### WORK REQUEST
Take the lines from the one with "音乐会在全体同学表演的《西班" to the end of the listing, both ends included, and quote them exactly, leaving pictures out.

### COLLECTED DATA
···

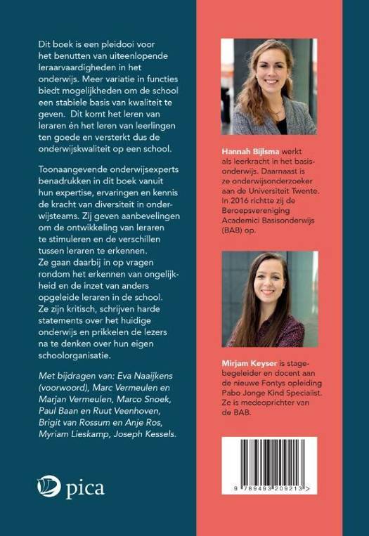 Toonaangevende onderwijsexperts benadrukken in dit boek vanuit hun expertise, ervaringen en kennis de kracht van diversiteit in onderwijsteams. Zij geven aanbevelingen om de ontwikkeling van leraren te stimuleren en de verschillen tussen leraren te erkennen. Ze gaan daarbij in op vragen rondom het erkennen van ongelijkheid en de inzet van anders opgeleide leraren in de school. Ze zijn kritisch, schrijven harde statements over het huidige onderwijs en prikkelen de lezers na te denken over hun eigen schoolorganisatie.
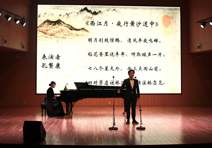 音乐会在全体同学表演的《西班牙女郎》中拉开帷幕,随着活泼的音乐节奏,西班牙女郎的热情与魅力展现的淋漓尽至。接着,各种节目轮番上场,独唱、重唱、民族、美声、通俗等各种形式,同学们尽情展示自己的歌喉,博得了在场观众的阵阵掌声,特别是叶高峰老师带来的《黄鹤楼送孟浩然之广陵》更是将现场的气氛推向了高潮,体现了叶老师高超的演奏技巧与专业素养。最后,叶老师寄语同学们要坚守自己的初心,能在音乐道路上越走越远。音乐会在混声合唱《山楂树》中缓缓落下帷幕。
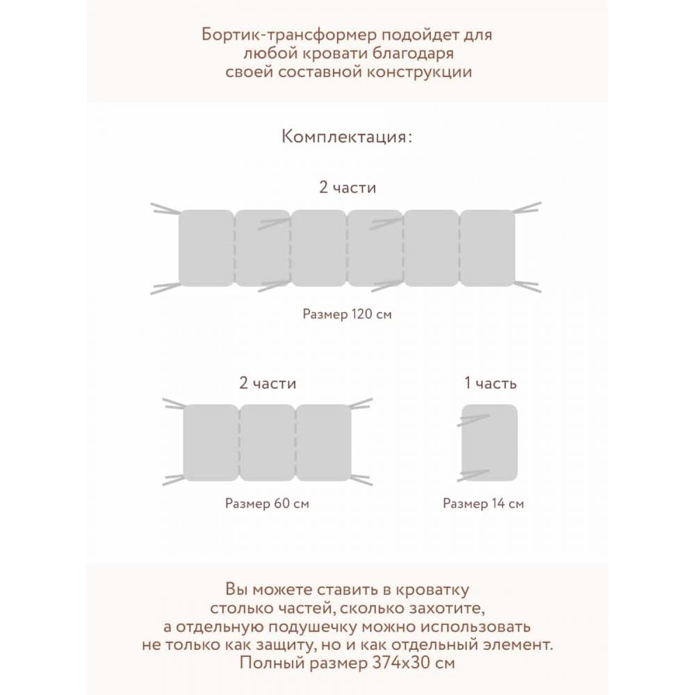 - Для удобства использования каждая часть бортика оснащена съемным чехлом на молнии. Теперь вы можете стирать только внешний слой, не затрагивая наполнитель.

···

### SOLUTION TO THIS PROBLEM
 音乐会在全体同学表演的《西班牙女郎》中拉开帷幕,随着活泼的音乐节奏,西班牙女郎的热情与魅力展现的淋漓尽至。接着,各种节目轮番上场,独唱、重唱、民族、美声、通俗等各种形式,同学们尽情展示自己的歌喉,博得了在场观众的阵阵掌声,特别是叶高峰老师带来的《黄鹤楼送孟浩然之广陵》更是将现场的气氛推向了高潮,体现了叶老师高超的演奏技巧与专业素养。最后,叶老师寄语同学们要坚守自己的初心,能在音乐道路上越走越远。音乐会在混声合唱《山楂树》中缓缓落下帷幕。
 - Для удобства использования каждая часть бортика оснащена съемным чехлом на молнии. Теперь вы можете стирать только внешний слой, не затрагивая наполнитель.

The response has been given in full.